* Exercise
Output each record below exactly as it stands, leaving out the pictures.

* Records supplied
──────────────────────────────

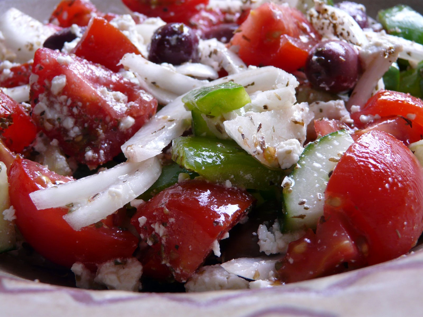 Gorgeous ribs, and that Greek salad is perfect. We'll have local tomatoes in another couple of weeks. Can't wait.
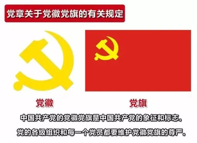 《党章》第五十五条规定:“中国共产党的党徽党旗是中国共产党的象征和标志。党的各级组织和每一个党员都要维护党徽党旗的尊严。要按照规定制作和使用党徽党旗。”
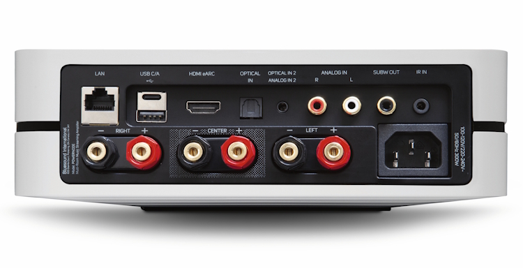 U pogledu upotrebljivosti POWERNODE sadrži strimer, D/A konverter i amplifikaciju u jednom kućištu, a opseg mogućnosti najbolje se vidi na zadnjem panelu. Za priključivanje digitalnih izvora prisutni su optički i USB-C, kao i kombinovani digitalno-analogni u formi 3,5-milimetarskog ulaza, dok je za integraciju televizora predviđen HDMI eARC. Za analogne izvore dostupan je još jedan RCA ulaz, ali treba imati u vidu da se analogni signal prevodi u digitalnu formu, što nije najsrećnije rešenje. Tu je i USB-A port za priključivanje eksternih skladišta za funkciju muzičkog servera, dok se povezivanje na lokalnu mrežu obavlja preko eternet porta ili wi-fija. Ispod priključaka za izvore smešteni su terminali za tri zvučnika, što je prilično neobično, ali će biti razjašnjeno kasnije. Postavka se završava IEC utičnicom za odvojivi strujni kabl i priključkom za eksterni senzor daljinske komande ukoliko poželite da postavite POWERNODE na zadnji deo police. Najzad, Bluesound već dugo neguje takozvani plutajući dizajn, što znači da se uređaj oslanja na jednu uvučenu površinu u središtu donje strane, koja je teže primetna spolja. Na donjoj strani takođe pronalazimo veliki broj proreza za hlađenje.
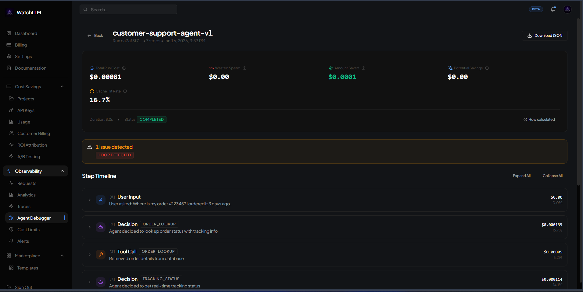 - Agent debugger with Loop detection
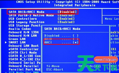 3、重启电脑之后,进入BIOS,在“Integrated Peripherals”页面中,将“SATA RAID/AHCI Mode”更改为“AHCI”(不同BIOS选项名称会有细微差别)。
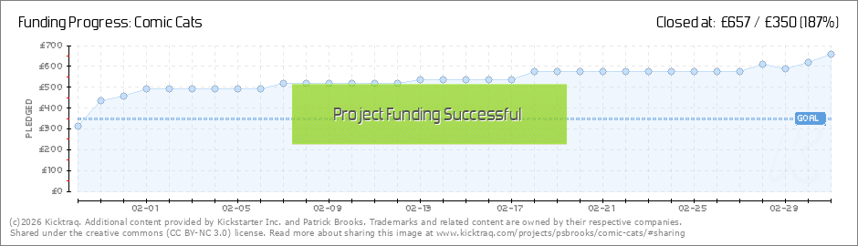 Huge thanks for all the support so far with the Comic Cats! There is now a Stretch Goal of badge set #4 unlocked at £800 which will be included with all pledges. There are also a few paintings added: 12 x 9 inch paintings of hat cats and comic cats... (Read More)
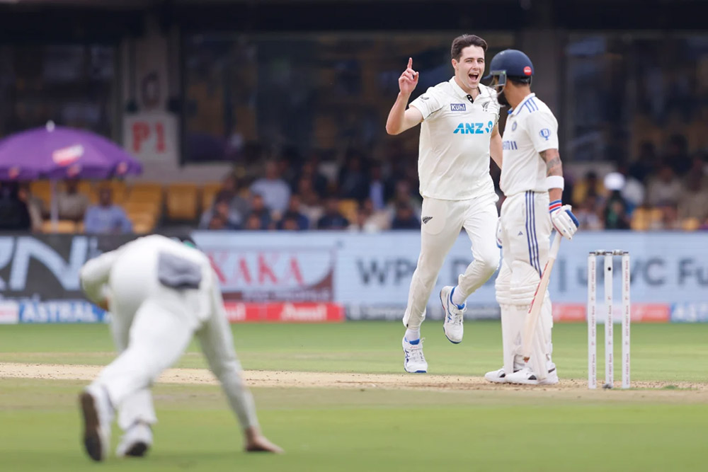भारतको ब्याटिंग लाइन ध्वस्त गर्नेक्रममा न्यूजील्याण्डका म्याट हेनरीले ५ विकेट लिए भने विलियम पिटरले ४ विकेट तथा टिम साउथीले एक विकेट लिएका छन् ।
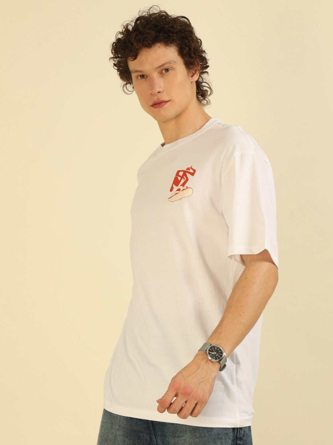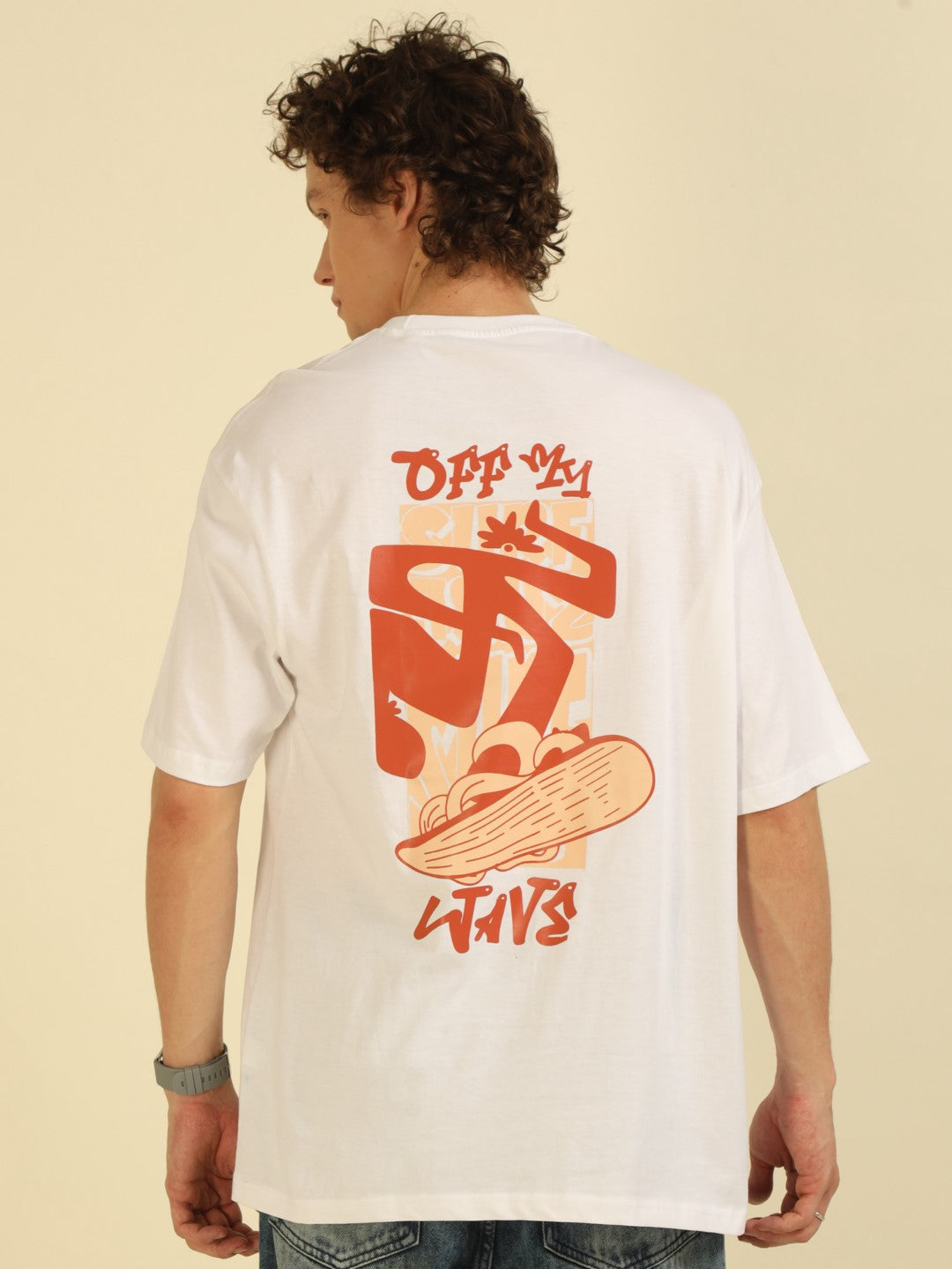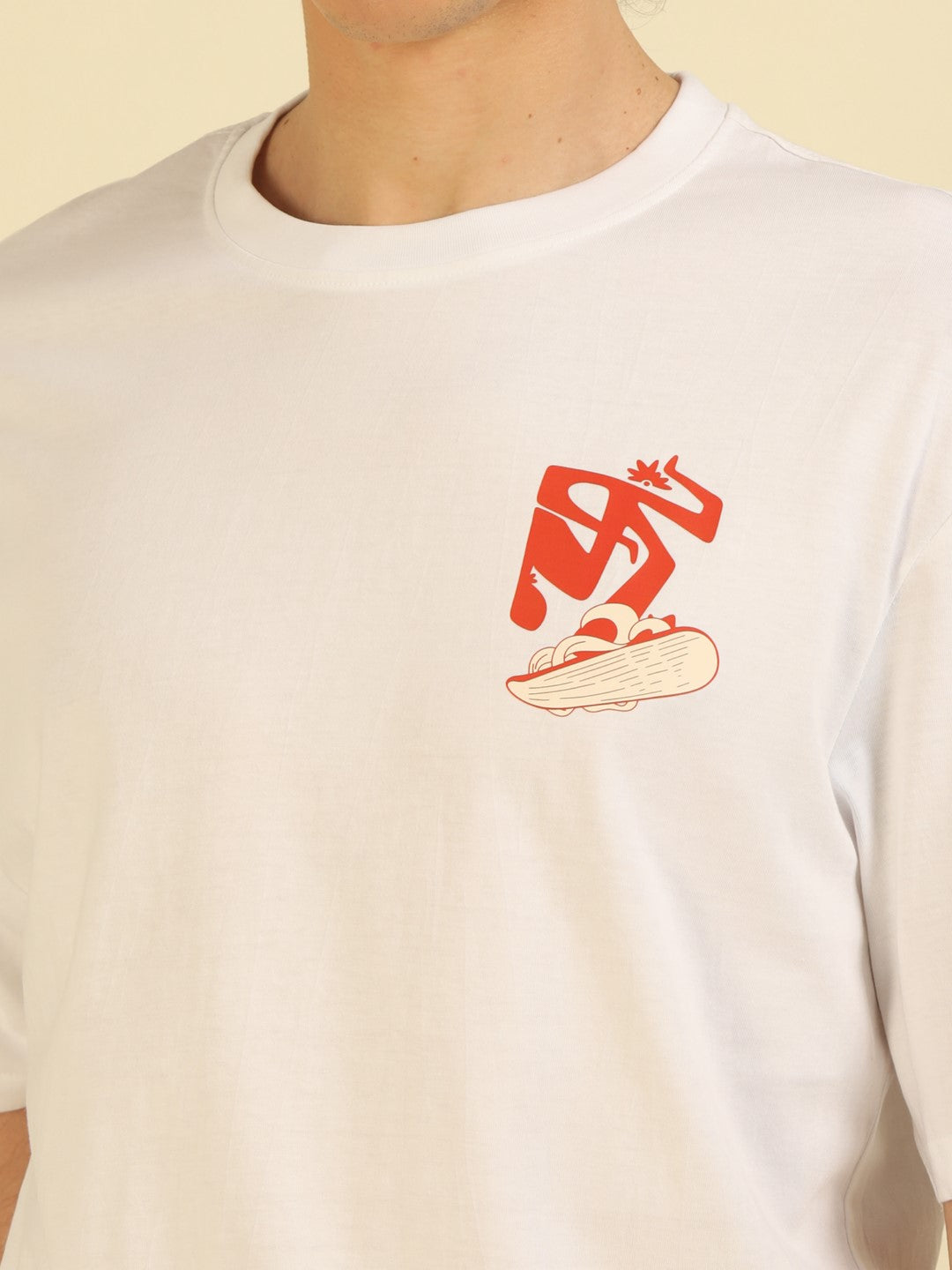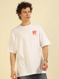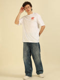 White Typography Print Oversized Half-sleeve Tshirt
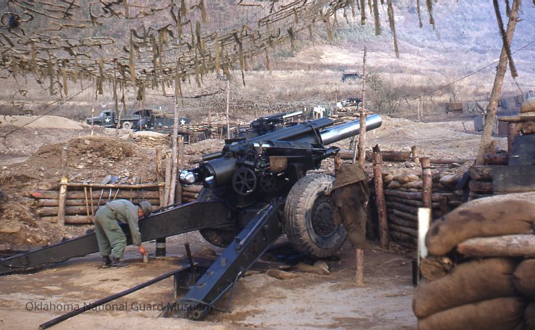 Soldier with camouflaged artillery gun. 189th Field Artillery
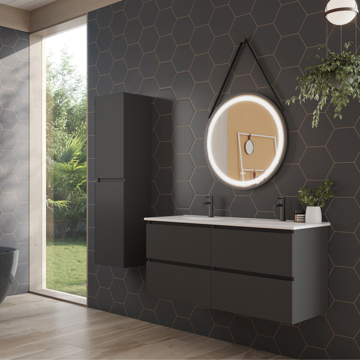 Möblerna i Viken-serien finns i tidlösa färger – Vit Matt, Svart Matt och Grå Matt. Den matta finishen ger ett sofistikerat och modernt uttryck samtidigt som ytan är lätt att rengöra och underhålla. Färgerna är noggrant utvalda för att harmoniera med olika badrumsstilar och färgscheman, vilket gör det enkelt att integrera möblerna i din inredning.
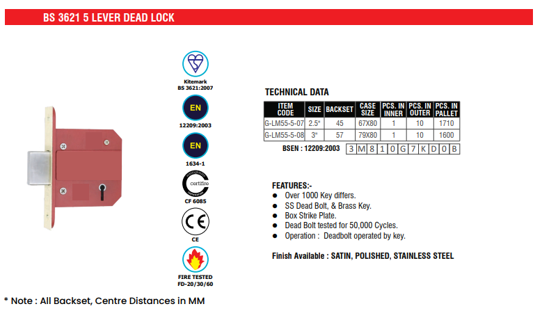 This 5 lever dead lock is tested and approved to BS 3621, meeting insurance and security standards.
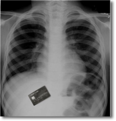 Thomson’s credit card location. We don’t want to kick a man in his sick bed. But this image of Craig Thompson’s X-ray has been doing the rounds. So that’s what happened to it …
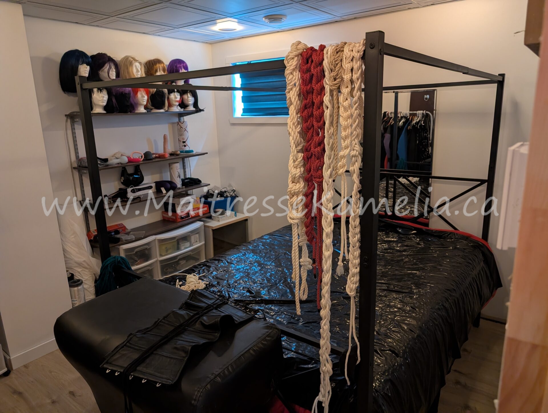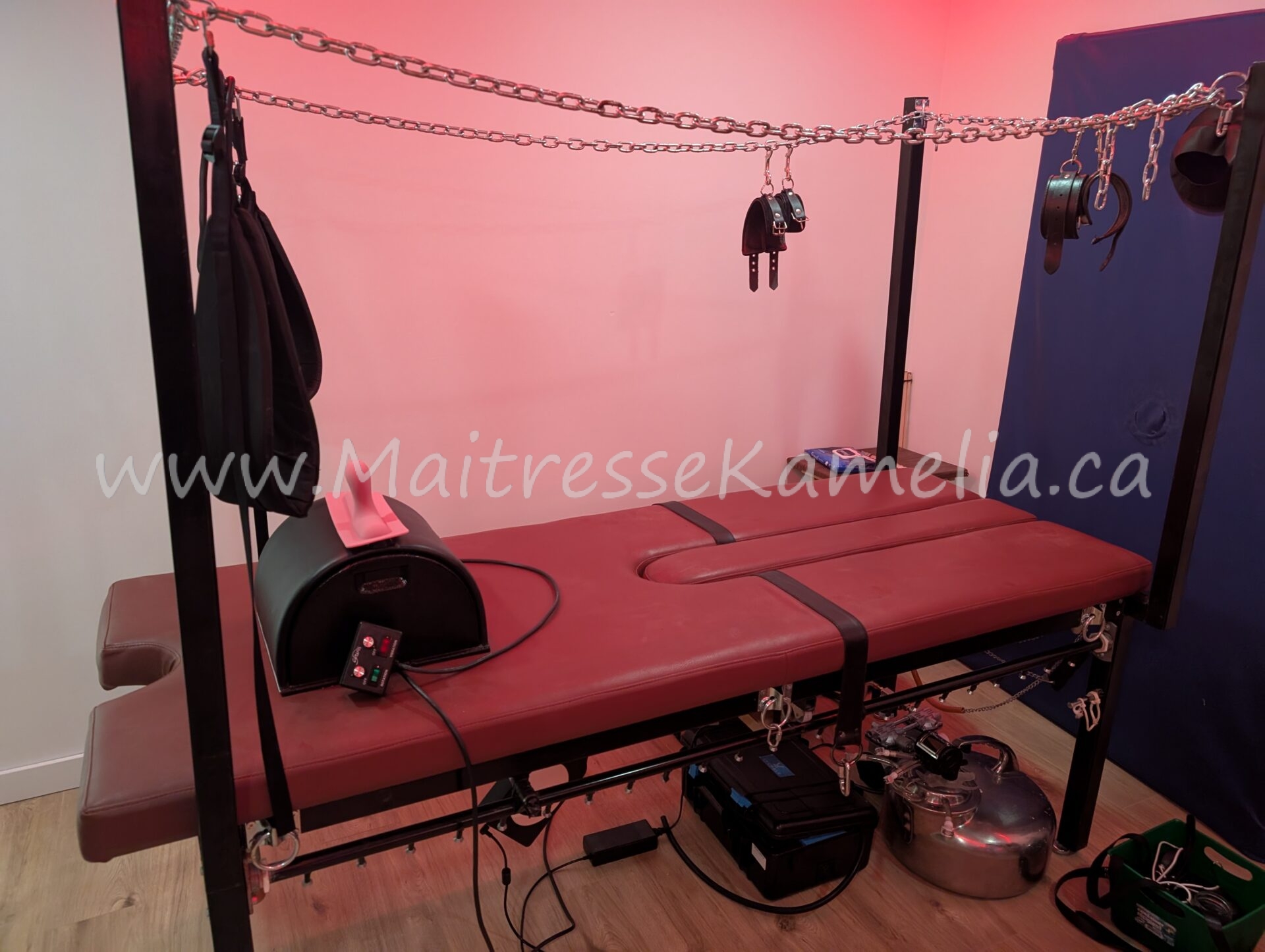 Voici enfin le nouveau donjon de Maitresse Kamelia avec salle de bain adjacente.

──────────────────────────────

* Response for this exercise
 Gorgeous ribs, and that Greek salad is perfect. We'll have local tomatoes in another couple of weeks. Can't wait.
 《党章》第五十五条规定:“中国共产党的党徽党旗是中国共产党的象征和标志。党的各级组织和每一个党员都要维护党徽党旗的尊严。要按照规定制作和使用党徽党旗。”
 U pogledu upotrebljivosti POWERNODE sadrži strimer, D/A konverter i amplifikaciju u jednom kućištu, a opseg mogućnosti najbolje se vidi na zadnjem panelu. Za priključivanje digitalnih izvora prisutni su optički i USB-C, kao i kombinovani digitalno-analogni u formi 3,5-milimetarskog ulaza, dok je za integraciju televizora predviđen HDMI eARC. Za analogne izvore dostupan je još jedan RCA ulaz, ali treba imati u vidu da se analogni signal prevodi u digitalnu formu, što nije najsrećnije rešenje. Tu je i USB-A port za priključivanje eksternih skladišta za funkciju muzičkog servera, dok se povezivanje na lokalnu mrežu obavlja preko eternet porta ili wi-fija. Ispod priključaka za izvore smešteni su terminali za tri zvučnika, što je prilično neobično, ali će biti razjašnjeno kasnije. Postavka se završava IEC utičnicom za odvojivi strujni kabl i priključkom za eksterni senzor daljinske komande ukoliko poželite da postavite POWERNODE na zadnji deo police. Najzad, Bluesound već dugo neguje takozvani plutajući dizajn, što znači da se uređaj oslanja na jednu uvučenu površinu u središtu donje strane, koja je teže primetna spolja. Na donjoj strani takođe pronalazimo veliki broj proreza za hlađenje.
 - Agent debugger with Loop detection
 3、重启电脑之后,进入BIOS,在“Integrated Peripherals”页面中,将“SATA RAID/AHCI Mode”更改为“AHCI”(不同BIOS选项名称会有细微差别)。
 Huge thanks for all the support so far with the Comic Cats! There is now a Stretch Goal of badge set #4 unlocked at £800 which will be included with all pledges. There are also a few paintings added: 12 x 9 inch paintings of hat cats and comic cats... (Read More)
भारतको ब्याटिंग लाइन ध्वस्त गर्नेक्रममा न्यूजील्याण्डका म्याट हेनरीले ५ विकेट लिए भने विलियम पिटरले ४ विकेट तथा टिम साउथीले एक विकेट लिएका छन् ।
 White Typography Print Oversized Half-sleeve Tshirt
 Soldier with camouflaged artillery gun. 189th Field Artillery
 Möblerna i Viken-serien finns i tidlösa färger – Vit Matt, Svart Matt och Grå Matt. Den matta finishen ger ett sofistikerat och modernt uttryck samtidigt som ytan är lätt att rengöra och underhålla. Färgerna är noggrant utvalda för att harmoniera med olika badrumsstilar och färgscheman, vilket gör det enkelt att integrera möblerna i din inredning.
 This 5 lever dead lock is tested and approved to BS 3621, meeting insurance and security standards.
 Thomson’s credit card location. We don’t want to kick a man in his sick bed. But this image of Craig Thompson’s X-ray has been doing the rounds. So that’s what happened to it …
 Voici enfin le nouveau donjon de Maitresse Kamelia avec salle de bain adjacente.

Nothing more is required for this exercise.